LIFE SCIENCES INDUSTRY CHALLENGES TODAY
Life Sciences organizations need to bring new high-quality therapeutics to market fast to respond to patient needs specific to different diseases and geographies. But development time and costs for new therapeutics are gigantic with an average accrual of $2.6B and 12 years from ideation to market. Reasons for the struggle include (1) the long “time to fail” in new target identification, (2) increasing global and regional regulations and scrutiny, and (3) the major efforts required to ensure that therapeutics are safe, efficacious and compliant with specifications. Personalized Medicine and Patient Centricity add complexity to Development and Manufacturing. Testing is required to confirm therapeutic characteristics discovered during Research, to identify and optimize formulations for production and scale-up, and to release active ingredients and products.
With long product development times, Life Sciences organizations must accelerate the pace and quality of innovation for long-term success. As a result, they are re-evaluating the entire product lifecycle from research through development to manufacturing and are adopting advanced information technology (IT) systems capable of supporting today’s dynamic business ecosystem. As products move from discovery and development to manufacturing and commercial operations, Life Sciences organizations are investing in the latest tools and technology to improve insight, accelerate innovation, reduce costs, and speed time to market. Faster innovation is a direct result of greater productivity with digital solutions in the lab, as researchers spend less time on documentation and leverage existing experimental data to make better decisions faster.
MOVING TOWARDS THE DIGITAL LAB
Laboratory organizations need an environment that facilitates and optimizes collaboration, experiment execution, documentation and data management in the different labs from R&D through manufacturing to commercialization.
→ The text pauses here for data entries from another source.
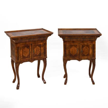 Paar zierliche Beistellschränkchen mit 2-türigem Korpus, ausgestelltem Hohlkehl-Gesims und geheimen Kopfschub, je auf 4 geschwungenen Beinen; dekoriert mit Kartuschen-Maserfurnier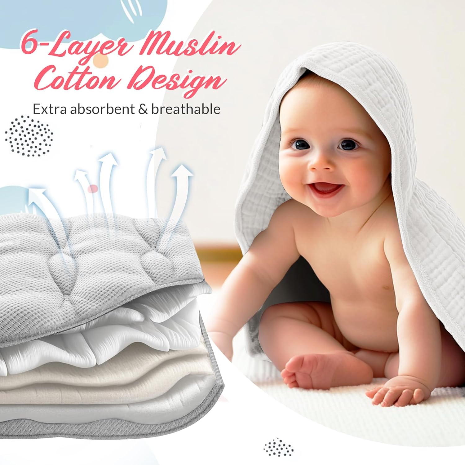 - Soft and Absorbent: the newborn bath towels set boast 6 layers of muslin cotton, soft and comfortable to the touch, easy to machine wash; The quality muslin baby towels help to quickly remove moisture from the skin, keeping your newborn baby warm, dry and cozy after bath, and they are extremely gentle against baby's delicate skin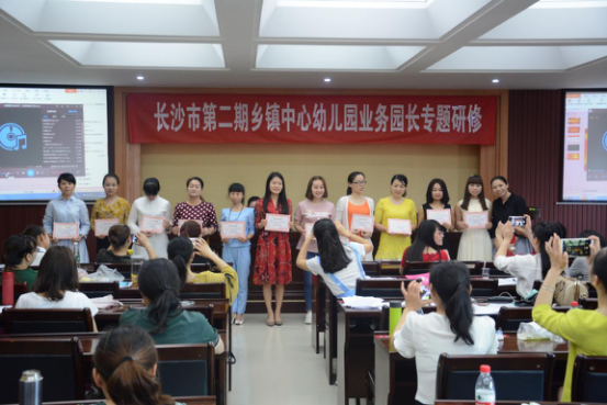 5月13日上午11点,长沙市第二期乡镇中心幼儿园业务园长专题研修结业典礼在湖南省宁乡师范学校宁觉厅举行。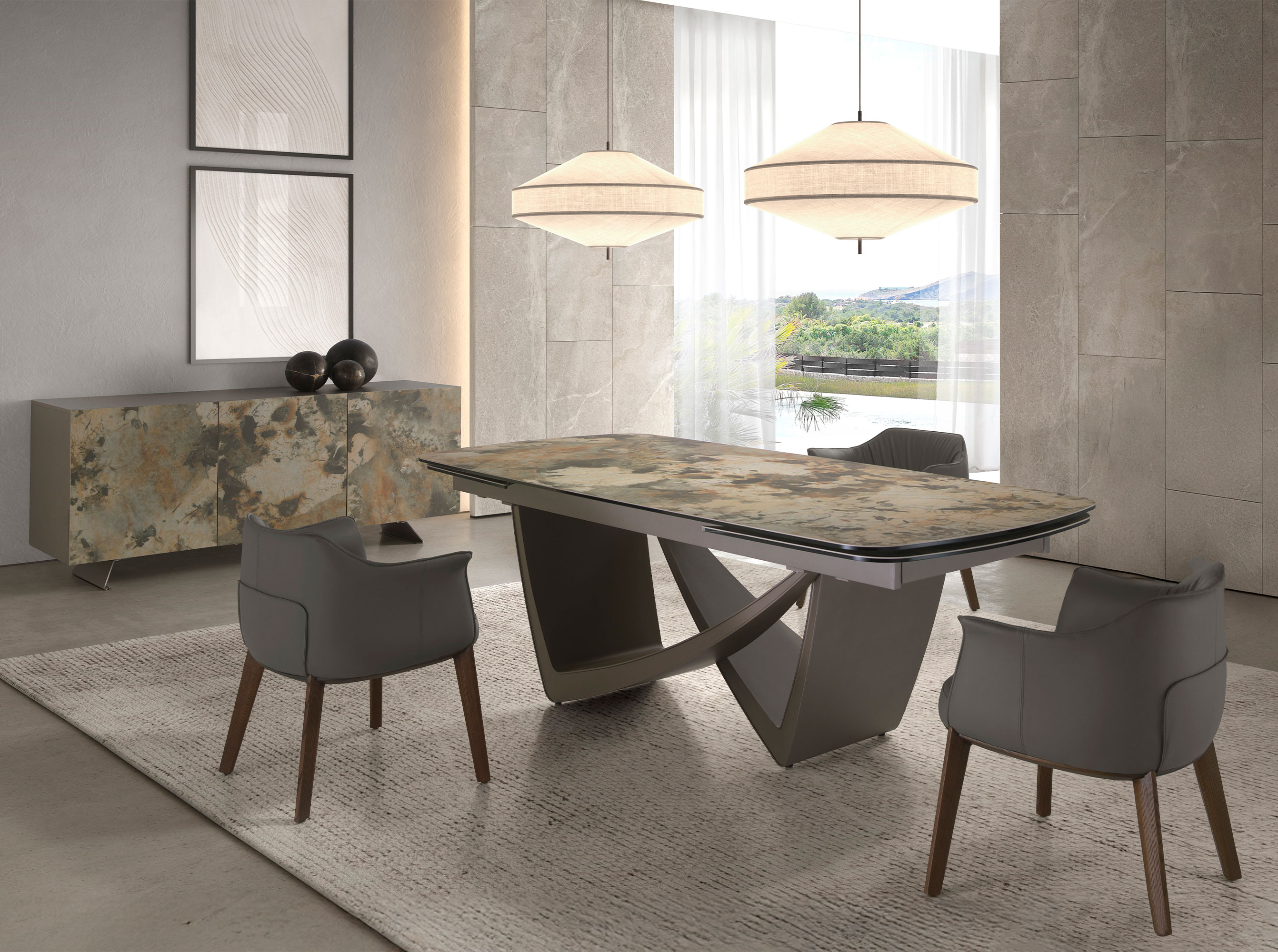 Запросить индивидуальное предложениеСовременный дизайн буфета с деревянной структурой из МДФ, лакированной в серо-коричневом металлическом цвете, и оригинальными ножками из нержавеющей стали, окрашенными в серо-коричневом металлическом цвете. Его оригинальные детали из фарфорового мрамора в земляных и серых тонах с матовой отделкой придают идеальный штрих стиля вашей гостиной. Он имеет большое пространство для хранения с 4 дверцами с ручным выемом для пальцев и системой плавного закрывания. Цвета отделки указываются в соответствии с каталогом производителя. Допускается незначительное отклонение в цвете, обусловленное техническими особенностями цветопередачи фотографий.

But today many laboratories are still working on paper or have a legacy system of some kind that digitally stores experimental data. This can be a database that includes anything from scanned PDF documents to word documents to spreadsheets. It can also be a commercial solution that is not fully leveraged because of usability or implementation issues. Many organizations that adopted early commercial ELNs now find themselves missing needed features with a system that is difficult to upgrade or has not been widely embraced by laboratory staff. The deployment of different (legacy) solutions in different areas or working fully or partially with paper often results in workflow inefficiencies, errors due to manual work, high total cost of ownership and difficult collaboration.